Combat
Combat in Fawnalore is fast, direct, and deterministic. There is no accuracy check and no defense stat. All attacks hit. Damage is resolved through dice and modifiers.
Attacks
An Attack occurs when a Player or PPC:
- Declares a valid enemy target
- Rolls an Attack Die
- Applies modifiers and effects
- Deals damage to the target
Attacking is always an Action unless explicitly stated otherwise. You may only attack during your Main Phase, on your own turn. PPCs may only attack during their own PPC turn.
A Character may attack with an equipped weapon, or without one (using only their base Attack Die).
Non-Attack Damage
Damage may come from sources that are not attacks — magic cards, spell effects, card abilities, environmental effects, or campaign effects. Non-attack damage:
- Does not involve rolling an Attack Die
- Does not count as an Attack
- Does not consume your Action unless explicitly stated
Effects referencing "When you attack…", "Attack roll", or "Attack damage" apply only to attacks — not to non-attack damage effects.
Valid Targets
- A unit may only deal damage to enemy targets as defined by the current game mode
- In Co-op: Players may not attack or damage other Players
- In PVP: Players may damage enemy Players and enemy PPCs
- Units may never target themselves
Range
- Range is measured by counting hex tiles between source and target
- Line of sight does not exist in Fawnalore
- Range 1 = adjacent tiles only
- Range 0 does not exist
There is no formal distinction between "melee" and "ranged" attacks. All attacks are simply attacks. Range is determined by the Character's base Range stat plus any modifiers from weapons, cards, or abilities.
Attack Resolution
When resolving an Attack:
- Roll the attacker's Attack Die
- Add all applicable modifiers (weapons, equipped cards, abilities, effects)

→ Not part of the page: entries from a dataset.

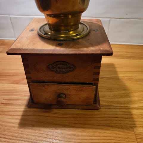 Fin gammel kaffekvern. Står GARANTIERTE WARE-ZASSENHAUS-GESCHMIEDETES MAHLWERK. GI BUD. PORTO 69.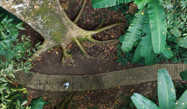 于是,四数木便发展出了板根这种聪明的解决方案。这些巨大的三角形板根,如同建筑上的“飞扶壁”,极大地增加了树干基部的支撑面积,像无数只强有力的巨手,紧紧抓住地面,让这棵巨人能够在风雨中岿然不动。
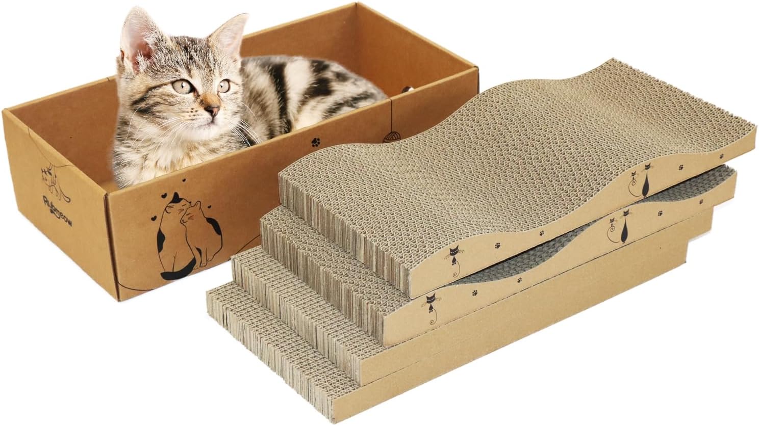 - High Quality and Safety: The paper card made in USA is used in the outer scratch box.The scratching board is made of 100% recyclable corrugated paper.Friendly to cats with no adverse effects.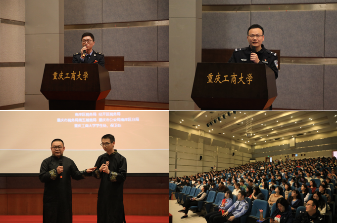 当前位置: 首页 >> 学工新闻 >> 正文 学校联合税务、公安机关举办“保护个人信息 提高反诈意识”普法宣传活动 时间:2021年04月28日 11:11 作者: 文/毛彬、图/金梦迪、陈婉琳、刘诗睿 为预防大学生个人信息被冒用,提高大学生反诈防骗意识,学校党委学工部(学生处)、党委保卫部(保卫处)联合南岸区税务局、经开区税务局、重庆市税务局第五稽查局、南岸区公安分局,于4月27日共同举办了“保护个人信息,提高反诈意识”普法宣传活动。 在博智楼7100的宣讲现场,市税务局第五稽查局的陈彦好通过短片向学生展示了保护个人有效证件的重要性,并用案例分析个人信息泄露后可能产生的后果和法律风险,个人“被入职”“被工资”等可能会出现的问题,以及遇到以上情况的处理方式。南岸区公安分局四公里派出所民警刘国魁则就常见的通讯网络诈骗手段与防范措施为学生们进行了讲解,用活生生的案例描述了当前大学校园中极易出现的“杀猪盘”、刷单返利、冒充电商客服等诈骗手段,向现场同学进行警示教育。来自机械工程学院的学生李杨林、罗宇还用他们自编自导的相声节目,生动演绎了当前网络诈骗常见套路,让同学们在欢声笑语中学习反诈防骗知识。 宣讲活动前,来自税务、公安机关的青年志愿者们还在博智楼前向学校师生发放了宣传手册上千份。 该活动也是学校近期开展“反诈防骗,你我同行”主题宣传教育活动之一。学校党委学工部副部长陈亚惠表示,学校非常重视学生身份信息安全、预防诈骗等工作,这次邀请税务、公安机关到学校进行普法宣传,很有针对性,非常实用,希望借此加强对学生和老师们的宣传教育,以遏制电信网络诈骗高发态势,营造安全稳定的校园环境,不断提升师生获得感、幸福感、安全感。 上一条:我校举办2021届优秀毕业生事迹宣讲报告会 下一条:学校开展防范电信网络诈骗主题宣传教育活动 【关闭】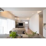 リビングから廊下のドアは光を遮らないものにし、家の中全体を明るく、水まわり隅々まで風が通るようにしました。 家事動線にもこだわり、小さなお子様の様子をみながら家事ができるようキッチンも対面に。 お子さまの成長とともに増えていくモノを片付けられる大きなウォークインクローゼットは、扉を3つにしたことで風通しも良く湿気がこもらないように。取り出しやすくしまいやすいように棚やハンガーポールを設置しました。 デザインにもこだわりキッチン上の梁を利用して間接照明を設置。白い壁に反射して優しい明りを落としてくれます。 施主様が育てた観葉植物たちが各所にセンス良く飾られ、無機質になりがちな白基調の室内に柔らかな雰囲気をつくりあげる素敵なお住まいになりました。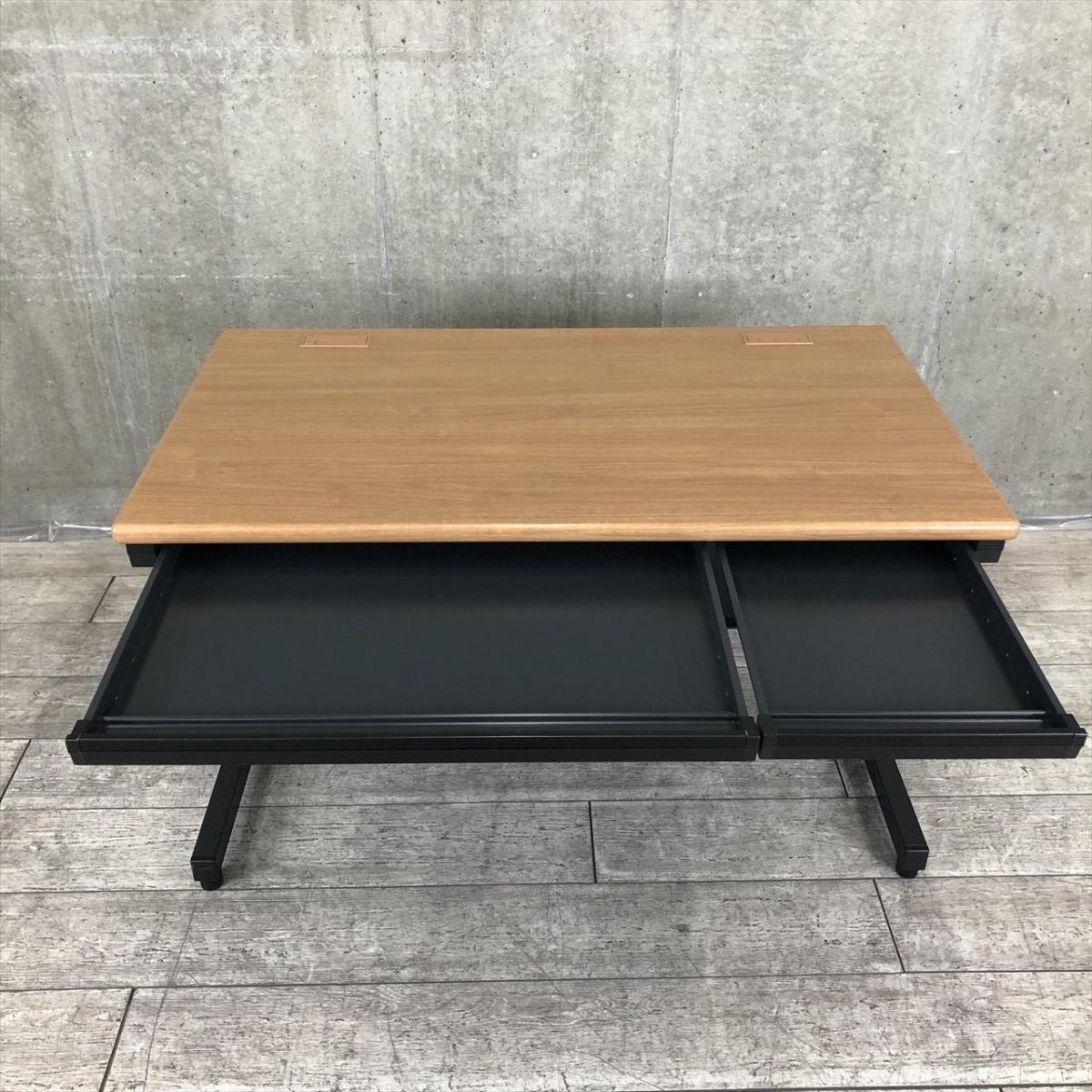 【定価約6万円】【希少なブラック基調の平机が入荷!定番サイズの幅1200㎜!シックなオフィスを作成したいお客様におすすめ!】■プラス(PLUS)製 リード(LEED)シリーズ 平机 引き出し付き W1200×D700㎜ ■天板:ミディアムウッド/脚:ブラック

- All attacks automatically hit — the roll determines damage, not success
By default, an Attack targets a single unit. An Attack may only affect multiple targets if a card or ability explicitly allows it.
Damage Resolution Pipeline
All damage resolves in this exact order:
| Step | Calculation |
|---|---|
| 1. Damage Dealt | Rolled or specified damage + modifiers |
| 2. Damage Reduction | Subtract all applicable "damage taken" reductions |
| 3. Damage Taken | Remaining damage (minimum 0) |
| 4. HP Loss | Subtract damage taken from target's current HP |
Damage reduction: Flat, not percentage-based. Stacks from multiple sources. Damage may be reduced to 0.
Example: Armor (–2 damage taken) + Shield effect (–1 damage taken) = –3 total reduction.
Death & Removal
Monsters: When a Makri's HP reaches 0, it is Dead (called "Liberated" in lore). It is immediately removed from the board and from its Makri Zone. Ether rewards resolve as defined on the Makri card. Excess damage is ignored.
Players: When a Player's Character reaches 0 HP, the Character is Dead. The consequences are defined by the active game mode — see Co-op, PVP, or Campaign.
Excess damage beyond 0 is always ignored.
PPC Combat
PPCs follow the same damage and combat resolution rules as Characters, with these differences:
- PPCs do not freely choose the order of movement and attacking
- PPCs follow their card-defined AI sequence: move toward target → attack if able → end turn
- When a PPC's behavior allows a choice (e.g. multiple equidistant targets), the Controller decides
Pre-Damage Window
Effects that say "when a target would take damage…" resolve before damage is applied. These effects may reduce, redirect, replace, or prevent that damage.